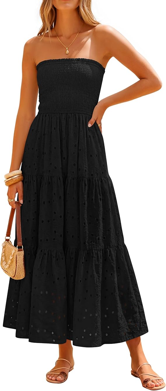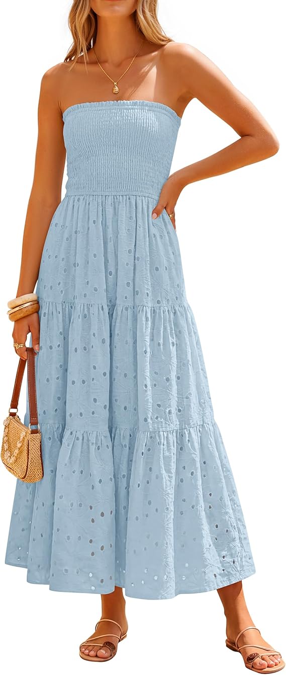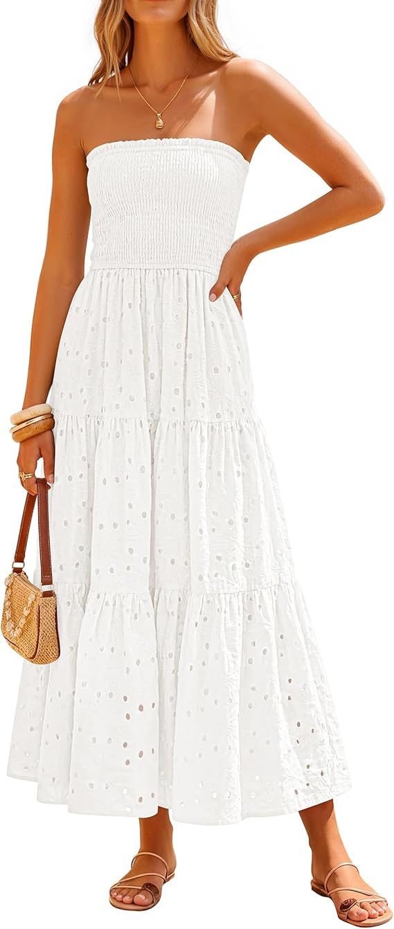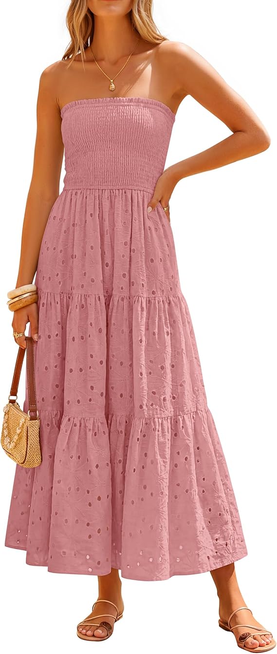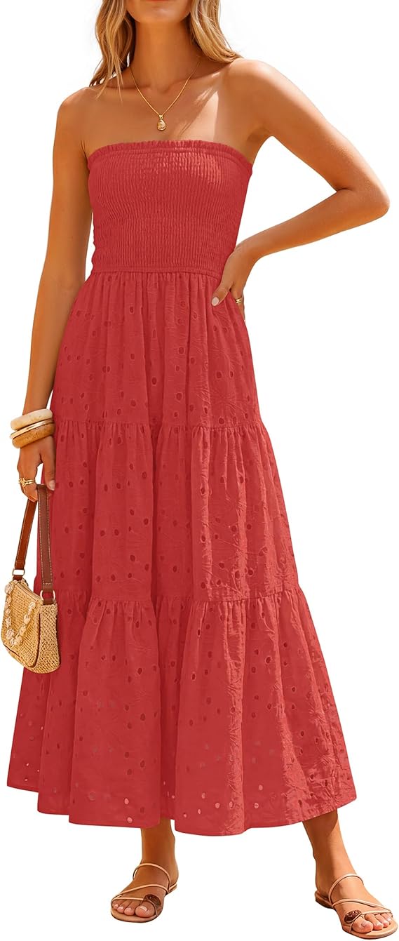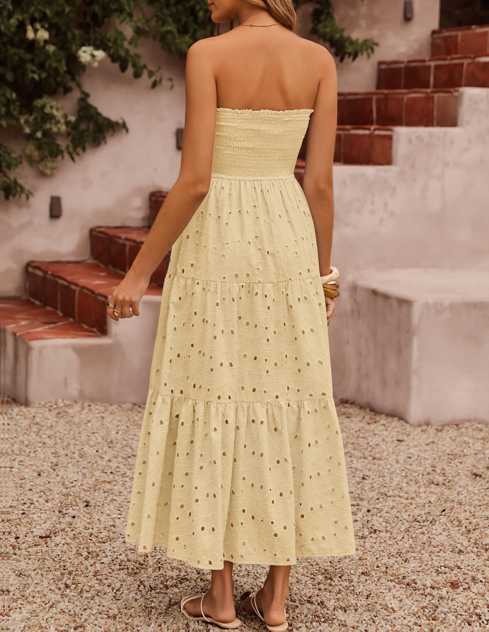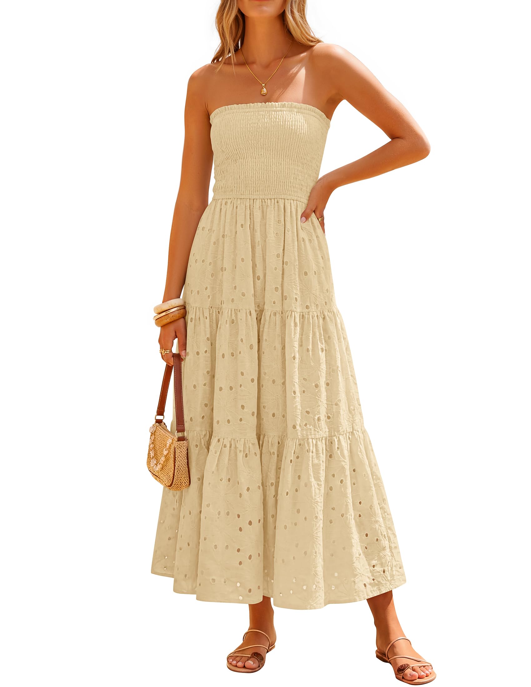 ZESICA Womens 2026 Summer Boho Strapless Midi Dresses Off Shoulder Smocked Eyelet Flowy Casual Beach Long Dress Pockets
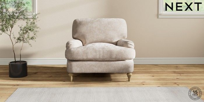 6.12.1 Buy Sadie Deep Relaxed Sit Armchair Distressed Velour Mid Natural High Slim Turned - Light from the Next UK online shop Click here to use our accessible website
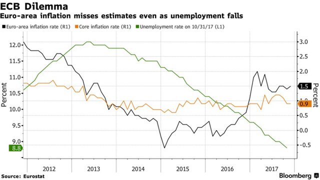 ЕЦБ стоит перед дилеммой: даже на фоне снижения безработицы и самого быстрого с 1997 г. роста экономики региона, восстановление потребительских цен остается подавленным.
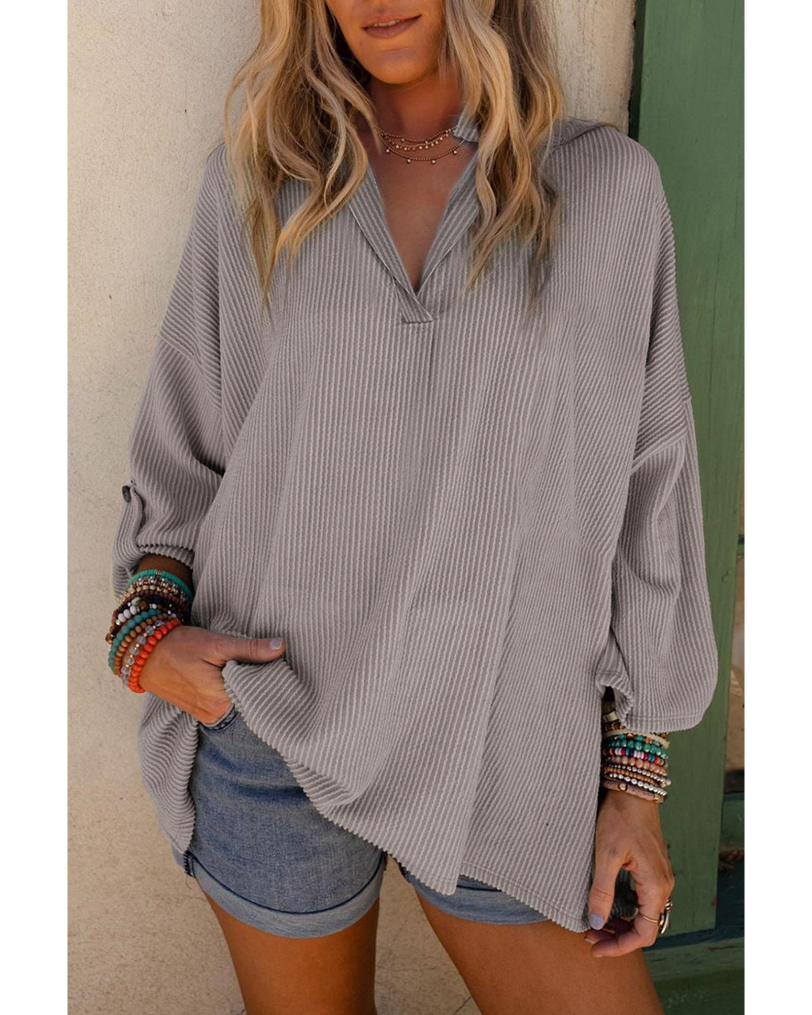 Philippine Gray Ribbed Roll-tab Sleeve Oversize Top – L

* Problem: Word-for-word restatement: every line from the one with "ЕЦБ стоит перед" through the final line of the data, both ends included, pictures excluded.

* Answer for this exercise:
 ЕЦБ стоит перед дилеммой: даже на фоне снижения безработицы и самого быстрого с 1997 г. роста экономики региона, восстановление потребительских цен остается подавленным.
 Philippine Gray Ribbed Roll-tab Sleeve Oversize Top – L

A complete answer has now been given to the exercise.